Herausragend wichtig ist es, die Sicherheitsbehörden nachhaltig zu stärken. Die Erweiterung des Sicherheitsbegriffs bei den Änderungen der Schuldenbremse hat – dank des Engagements meiner Fraktion – eine Grundlage dafür geschaffen. Diese gilt es zu nutzen, auch durch eine bessere Vernetzung von Behörden auf Bundes- und Länderebene. 

Darüber hinaus kämpfe ich für eine Verschärfung des Waffenrechts, um zu verhindern, dass Verfassungsfeindinnen und Verfassungsfeinde legal Waffen erhalten oder behalten dürfen. Notwendig ist auch eine Reform der Nachrichtendienste, um gesetzliche Vorgaben, Befugnisse und Kontrollstrukturen zu modernisieren und an die aktuellen Bedrohungslagen anzupassen. 

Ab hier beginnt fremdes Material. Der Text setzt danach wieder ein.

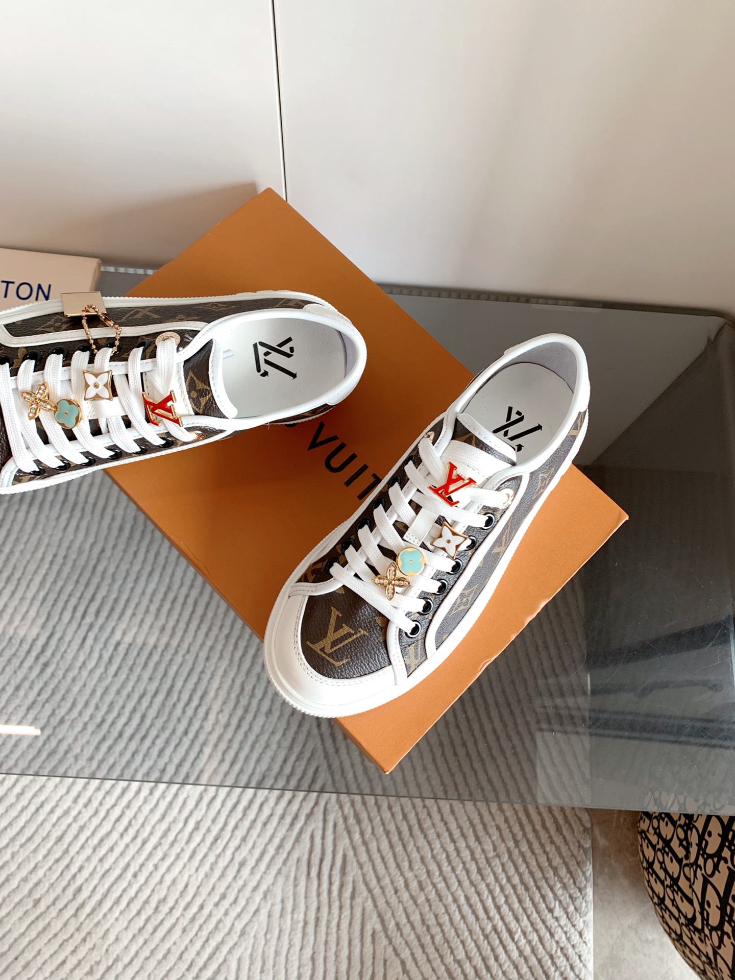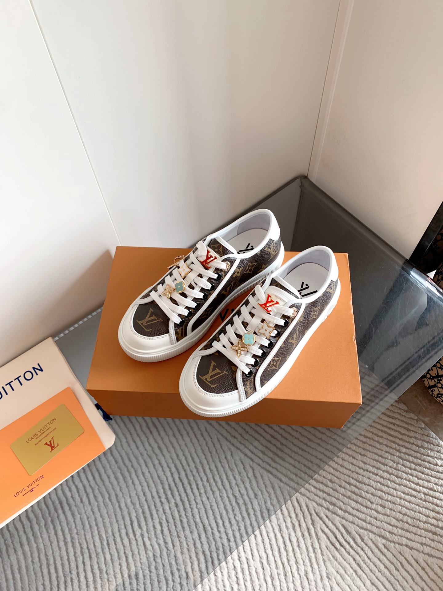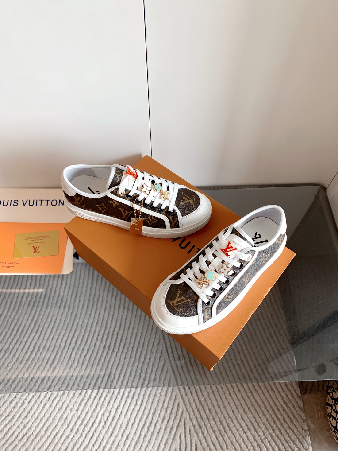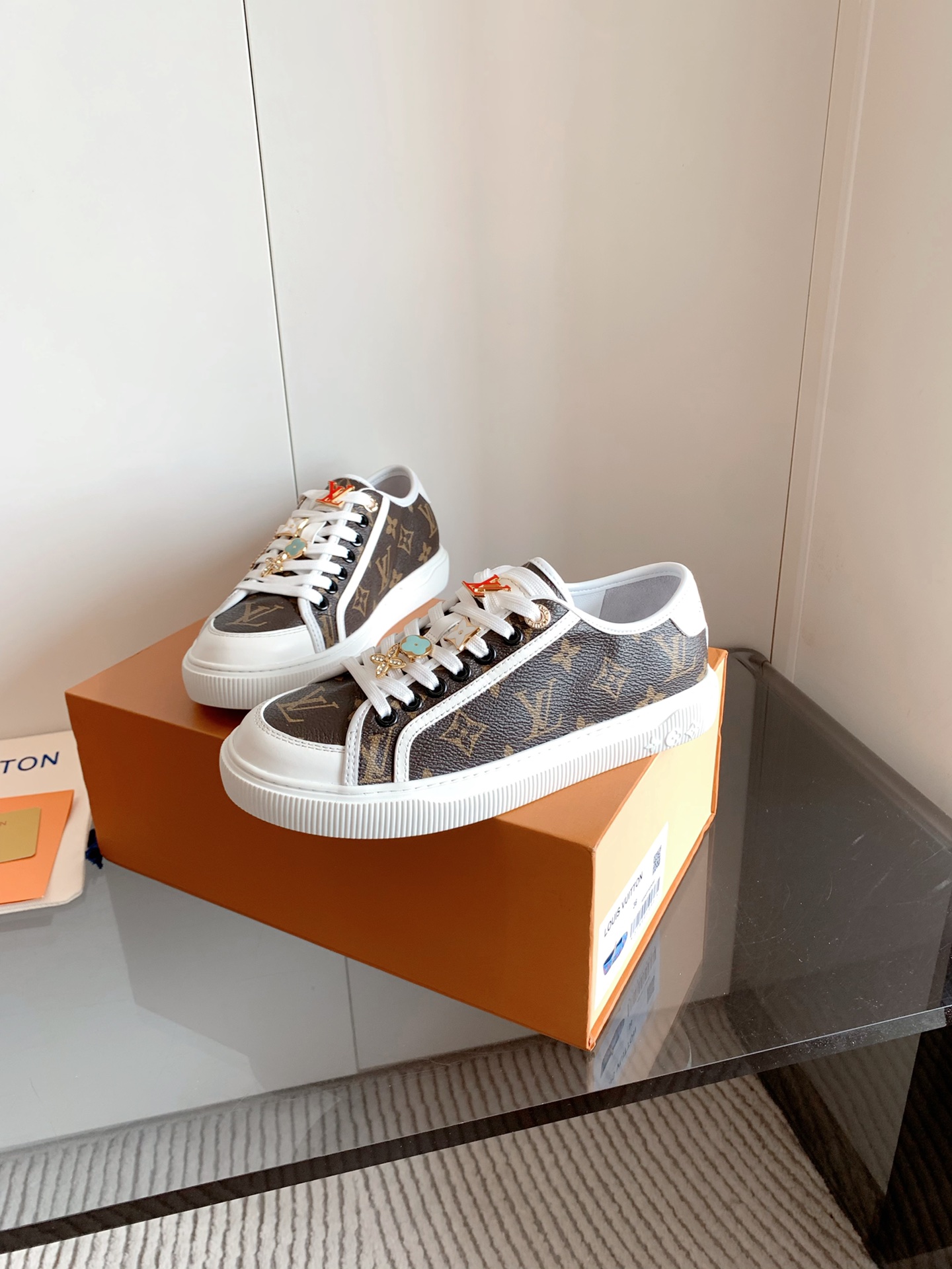 这款鞋子是AAAAA 1:1 质量 (非常棒). 使用了和原版一模一样的材料. 商标部分也保持了和路易威登/Louis Vuitton一样. 图片拍摄是实物鞋子拍摄, 您所收到的实物保证和我们图片一模一样.
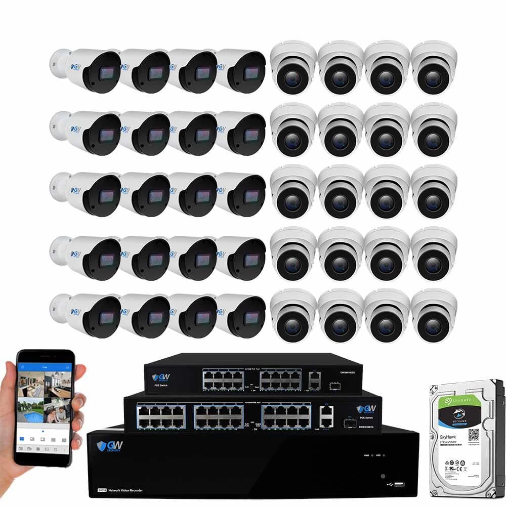 GW8536MIC20-8537IP20-16T is our reliable 16-Channel Security Camera System with unmatched video quality, perfect for any home and business with the need to protect valuable possessions. This ultimate HD security-package comes with 32 8MP IP Bullet cameras, 32 8MP IP Turret cameras, an NVR with a built-in 16TB security-grade hard drive that can store up to 400-hours of video surveillance and can also be upgraded to an astronomical 96TB hard drive capacity for even more-hours. 4K video has 400% more pixels per frame than standard 1080P (2MP) HD. 8megapixels boast 3840 x 2160 resolution, additional pixels make the digital zoom more effective, providing more details at close distances or the ability to digitally zoom in on details at a greater distance than before. Our high performance system uses H.265 compression, H.265 is faster, consumes 50% less data allowing you to store more video to your NVR while also preserving and improving upon superior video quality. The Power over Ethernet setup is clean and simple with a single network cable, built-in P2P service and support of ONVIF protocol. 100% True Plug-and-Play – An additional built-in network interface provides a unique IP address to each security camera, eliminating the hassle of messy IP security camera configurations.
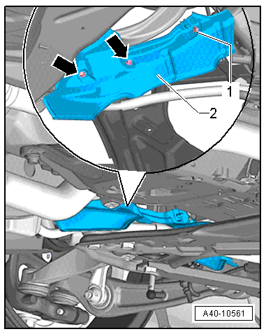 - Remove the heat shield -2-. Refer to → Chapter "Subframe Heatshield, Removing and Installing".

Ergänzend braucht es eine umfassende Präventionsoffensive, vor allem im Jugendbereich. Um der wachsenden Bedrohung durch Täter entgegenzuwirken, muss die Bundesregierung dringend neue Strategien entwickeln, um Radikalisierung frühzeitig zu erkennen und zu verhindern. Politik kann dies nicht allein leisten, sondern muss vertrauensvoll und gemeinsam mit der Zivilgesellschaft handeln, etwa durch ein Demokratiefördergesetz, anstatt ihr mit Misstrauen zu begegnen. 

Bei weiteren Fragen und Anliegen stehen Ihnen mein Büro und ich gerne zur Verfügung.